Agonía y muerte de Jesús en la cruz
Lo extraordinario de toda esta agonía atroz, es que Jesús murió cuando Él quiso hacerlo. En medio de la agonía de la muerte, de los intensos dolores, de la asfixia y de una evidente anemia, El Señor Jesucristo clama a gran voz entregando su espíritu en el momento que Él, soberanamente, decidió hacerlo.
“Y el centurión que estaba frente a él, viendo que después de clamar había expirado así, dijo: Verdaderamente este hombre era Hijo de Dios” Marcos 15:39.

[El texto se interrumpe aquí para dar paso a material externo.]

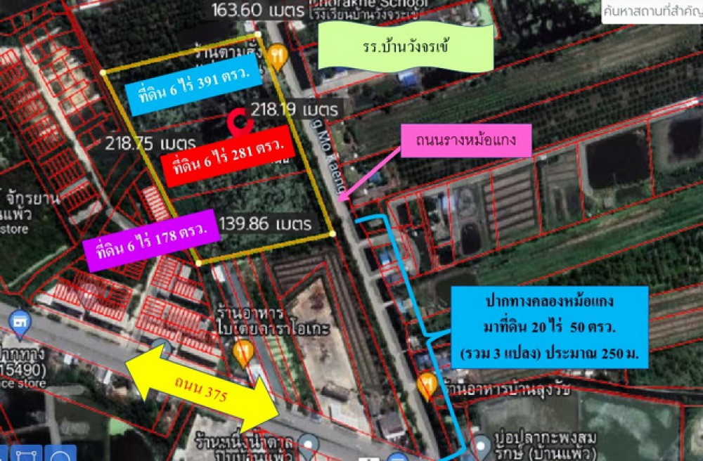 ขายที่ดิน ตำบลหลักสาม อำเภอบ้านแพ้ว สมุทรสาคร ถนนบ้านแพ้ว ตรงข้ามโรงเรียนบ้านวังจรเข้ รายละเอียดทรัพย์ – ที่ดิน เนื้อที่ 20-0-50 ไร่ แปลงสวย หน้ากว้าง 218 x 140 เมตร – แบ่งขายได้แปลงละ 7 ไร่ หรือซื้อยก 3 แปลง – ราคาไร่ละ 2 ล้านบาท(ต่อรองได้ ยินดีรับทุกข้อเสนอ) – หน้าที่ดินติดถนนสาธารณประโยชน์กว้าง 8 เมตร – เหมาะทำจัดสรรที่ดิน สร้างที่พักอาศัย(โครงการบ้านจัดสรร) – หรือซื้อเพื่อการลงทุนในอนาคต สถานที่ใกล้เคียง – รร.บ้านวังจรเข้, รร.สารสาสน์วิเทศบ้านแพ้ว – รพ.บ้านแพ้ว – อบต.บ้านแพ้ว, สถานีตำรวจบ้านแพ้ว – สนง.ที่ดินจังหวัดสมุทรสาครสาขาบ้านแพ้ว การเดินทาง – ตั้งบน ถ.บ้านแพ้ว – เชื่อมต่อ ถ.พระราม 2, ถ.เพชรเกษม, ถ.คลองรางหม้อแกง – ใกล้ทางหลวงแผ่นดิน 375, 5027, 3190

Después de muchas horas de agonía, el cuerpo de nuestro Señor había perdido mucha sangre y la poca que le quedaba en su cuerpo se había espesado de manera que el corazón ya casi no la podía bombear. El suero se separa de los glóbulos rojos y una membrana alrededor del corazón llamada el pericardio estaba llena de liquido. En los momentos finales, algunos médicos creen que Jesús muere de una pericarditis, que es la ruptura del pericardio por inflamación. Es como si su corazón haya explotado.
Esta condición es confirmada cuando el soldado traspasa una lanza por su costado: “pero uno de los soldados le abrió el costado con una lanza, y al instante salió sangre y agua…” (Juan 19:34) Aquí se cumple lo dicho por el profeta: “…y miraran a mi, a quien traspasaron...” (Zacarías 3:10)
Era la costumbre de los romanos el quebrarle las piernas a los reos crucificados si estaban vivos al final de su tortura en la cruz. Debido a que tenían que apoyarse en las piernas para respirar, al quebrarles los huesos ya no podían respirar y morían asfixiados. En el caso de Jesús, vieron que ya estaba muerto y no tuvieron que quebrarles los huesos. Esto fue un cumplimiento de la profecía que dice: “el guarda todos sus huesos; ni uno de ellos será quebrantado”. (salmo 34:20).
Como hemos visto, todo lo que vivió y padeció Jesús, estaba escrito y anunciado cientos de años antes. El Salvador vino a morir en lugar del pecador, y no con una muerte simple, sino que con un padecimiento terrible.
Si esto no constriñe nuestro corazón, no hay nada más que agregar.
“Porque de tal manera amó Dios al mundo, que ha dado a su Hijo unigénito, para que todo aquel que en él cree, no se pierda, mas tenga vida eterna” Juan 3:16.